Women Can Now Map Street Harassment, One Catcall at a Time

Some, however, are doubtful that the app will actually enact any change


Nearly 90 percent of American women between the ages of 18 to 64 report being verbally harassed by a male stranger on the street, according to a Stop Street Harassment survey of around 600 women. The report goes into more detail:

Over one half of them experienced “extreme” harassment including being touched, grabbed, rubbed, brushed or followed by a strange man on the street or other public place. Shattering the myth that street harassment is an urban problem, the survey found that women in all areas experienced it: 90 percent in rural areas, 88 percent in suburban areas, and 87 percent in urban areas. Sadly, 84 percent of women “consider changing their behavior to avoid street harassment.”

Now, there’s an app for reporting these experiences, the Atlantic reports. Originally released in 2010, the first version of the app represented a mobile platform for the website and organization Hollaback, which aims to combat street harassment and give women a platform they could use to seek support and vent about their latest unwanted encounters with male strangers.

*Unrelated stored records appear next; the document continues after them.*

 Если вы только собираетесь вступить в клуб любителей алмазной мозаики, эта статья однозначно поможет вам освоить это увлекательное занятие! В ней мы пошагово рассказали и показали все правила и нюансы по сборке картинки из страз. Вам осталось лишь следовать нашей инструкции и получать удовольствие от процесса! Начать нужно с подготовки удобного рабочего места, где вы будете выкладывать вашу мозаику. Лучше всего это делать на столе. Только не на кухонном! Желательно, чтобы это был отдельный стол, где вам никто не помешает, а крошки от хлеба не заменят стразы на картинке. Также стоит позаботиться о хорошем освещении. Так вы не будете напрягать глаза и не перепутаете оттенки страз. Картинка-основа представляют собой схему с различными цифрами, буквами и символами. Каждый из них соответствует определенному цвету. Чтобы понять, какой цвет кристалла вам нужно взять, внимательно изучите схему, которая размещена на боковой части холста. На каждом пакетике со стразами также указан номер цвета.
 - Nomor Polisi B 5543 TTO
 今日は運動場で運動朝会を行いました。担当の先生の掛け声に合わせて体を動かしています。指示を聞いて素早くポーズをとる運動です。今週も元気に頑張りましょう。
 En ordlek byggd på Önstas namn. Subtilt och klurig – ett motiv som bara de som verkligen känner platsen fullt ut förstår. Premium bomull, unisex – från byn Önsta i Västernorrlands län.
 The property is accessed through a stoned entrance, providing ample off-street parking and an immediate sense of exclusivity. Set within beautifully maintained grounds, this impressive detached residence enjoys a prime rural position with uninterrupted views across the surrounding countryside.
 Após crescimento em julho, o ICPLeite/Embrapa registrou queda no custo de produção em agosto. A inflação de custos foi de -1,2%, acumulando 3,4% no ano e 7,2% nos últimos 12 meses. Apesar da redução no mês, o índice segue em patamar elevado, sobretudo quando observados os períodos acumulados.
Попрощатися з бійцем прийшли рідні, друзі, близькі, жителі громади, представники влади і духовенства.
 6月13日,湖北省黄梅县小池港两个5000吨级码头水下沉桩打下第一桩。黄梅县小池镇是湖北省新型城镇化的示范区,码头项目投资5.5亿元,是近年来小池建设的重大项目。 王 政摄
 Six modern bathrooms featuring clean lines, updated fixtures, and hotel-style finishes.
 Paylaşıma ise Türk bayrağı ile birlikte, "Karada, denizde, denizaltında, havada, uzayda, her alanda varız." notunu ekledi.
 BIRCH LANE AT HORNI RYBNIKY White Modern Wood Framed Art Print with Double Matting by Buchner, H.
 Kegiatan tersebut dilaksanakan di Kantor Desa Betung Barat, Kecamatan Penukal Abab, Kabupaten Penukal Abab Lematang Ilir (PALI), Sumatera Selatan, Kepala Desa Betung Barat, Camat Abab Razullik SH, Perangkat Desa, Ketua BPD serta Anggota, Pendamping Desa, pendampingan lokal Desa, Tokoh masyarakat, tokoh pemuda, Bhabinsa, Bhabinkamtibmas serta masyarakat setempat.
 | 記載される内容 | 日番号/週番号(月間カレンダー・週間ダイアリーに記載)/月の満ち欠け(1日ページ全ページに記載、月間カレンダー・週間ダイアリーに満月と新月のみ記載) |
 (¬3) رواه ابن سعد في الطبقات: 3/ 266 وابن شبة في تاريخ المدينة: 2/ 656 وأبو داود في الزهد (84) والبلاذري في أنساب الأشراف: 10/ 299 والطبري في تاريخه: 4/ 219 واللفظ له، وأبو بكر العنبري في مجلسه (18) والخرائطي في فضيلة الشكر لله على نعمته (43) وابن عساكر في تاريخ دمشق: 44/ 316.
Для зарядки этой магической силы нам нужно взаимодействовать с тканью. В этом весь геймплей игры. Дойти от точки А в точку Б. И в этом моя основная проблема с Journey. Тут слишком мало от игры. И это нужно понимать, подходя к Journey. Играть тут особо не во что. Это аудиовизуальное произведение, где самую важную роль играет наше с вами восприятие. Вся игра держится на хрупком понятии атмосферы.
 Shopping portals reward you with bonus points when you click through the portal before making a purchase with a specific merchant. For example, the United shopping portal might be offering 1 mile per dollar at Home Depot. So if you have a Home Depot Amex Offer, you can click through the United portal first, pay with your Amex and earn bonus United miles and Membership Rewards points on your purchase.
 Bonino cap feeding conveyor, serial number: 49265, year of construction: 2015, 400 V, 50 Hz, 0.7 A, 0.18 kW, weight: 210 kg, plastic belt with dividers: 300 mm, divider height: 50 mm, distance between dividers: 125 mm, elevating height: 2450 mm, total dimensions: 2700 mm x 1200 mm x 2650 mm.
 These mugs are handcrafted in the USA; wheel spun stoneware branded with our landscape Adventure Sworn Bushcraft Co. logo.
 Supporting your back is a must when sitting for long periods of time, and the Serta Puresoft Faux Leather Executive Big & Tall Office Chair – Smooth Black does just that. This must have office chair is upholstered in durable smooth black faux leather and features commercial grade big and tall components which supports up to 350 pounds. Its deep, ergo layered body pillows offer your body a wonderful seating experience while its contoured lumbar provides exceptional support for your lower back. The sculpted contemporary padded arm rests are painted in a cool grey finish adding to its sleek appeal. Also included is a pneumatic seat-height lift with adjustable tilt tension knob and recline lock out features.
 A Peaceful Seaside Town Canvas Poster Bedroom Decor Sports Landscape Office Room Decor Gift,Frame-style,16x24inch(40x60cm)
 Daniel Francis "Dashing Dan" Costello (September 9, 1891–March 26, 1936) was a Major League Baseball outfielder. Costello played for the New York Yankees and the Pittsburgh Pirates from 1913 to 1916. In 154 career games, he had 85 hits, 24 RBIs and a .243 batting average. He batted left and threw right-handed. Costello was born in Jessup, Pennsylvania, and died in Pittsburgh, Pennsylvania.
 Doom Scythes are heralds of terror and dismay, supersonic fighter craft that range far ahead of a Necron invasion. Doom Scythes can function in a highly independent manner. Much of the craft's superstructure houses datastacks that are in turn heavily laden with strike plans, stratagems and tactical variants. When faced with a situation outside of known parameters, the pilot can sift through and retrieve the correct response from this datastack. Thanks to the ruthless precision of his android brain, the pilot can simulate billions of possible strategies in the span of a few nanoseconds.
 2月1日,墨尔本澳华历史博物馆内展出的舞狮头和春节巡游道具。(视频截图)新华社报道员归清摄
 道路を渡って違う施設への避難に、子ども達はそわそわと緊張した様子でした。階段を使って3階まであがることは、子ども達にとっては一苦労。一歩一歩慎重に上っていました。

A newly released, updated version of the app allows victims to log harassment on a map, creating a visual hot-zone of harassment across their neighborhood or city. (Although only available in New York City so far, the creators hope to expand soon.) The Atlantic describes the app:

The home screen lets access “Resources” or “Know Your Rights,” and it also includes a map with balloons that reveal street harassment clusters. In addition to posting incidents, users can plot their location manually or via GPS, noting the area and type of location (borough, school, business); enter demographic information (race, gender); and attach a picture of an incident they witnessed or experienced.

The idea is that women can avoid these “clusters” of harassment activity and that the app could incite positive change. Women can, for instance, choose for  city council members to see their reports and for the reports to go into a database. But what concrete action these reports should elicit is an issue of some contention. Some fear kicking off a stop-and-frisk-like retribution against certain demographics and thus passing on the torch of harassment, while others think the app may be straying away from Hollaback’s grassroots philosophy by involving the city, the Atlantic explains.

Others are simply doubtful that it will actually spark any change, given that verbal harassment, at least in New York, usually does not warrant any legal repercussions. Simply avoiding areas where men might be lurking does not do much for empowering victims of street harassment. As one victim wrote on Hollaback’s page, “I’ve always been a bit bitter about the situation because we just had to deal with it in the only way we could – we just stopped walking that route home completely.”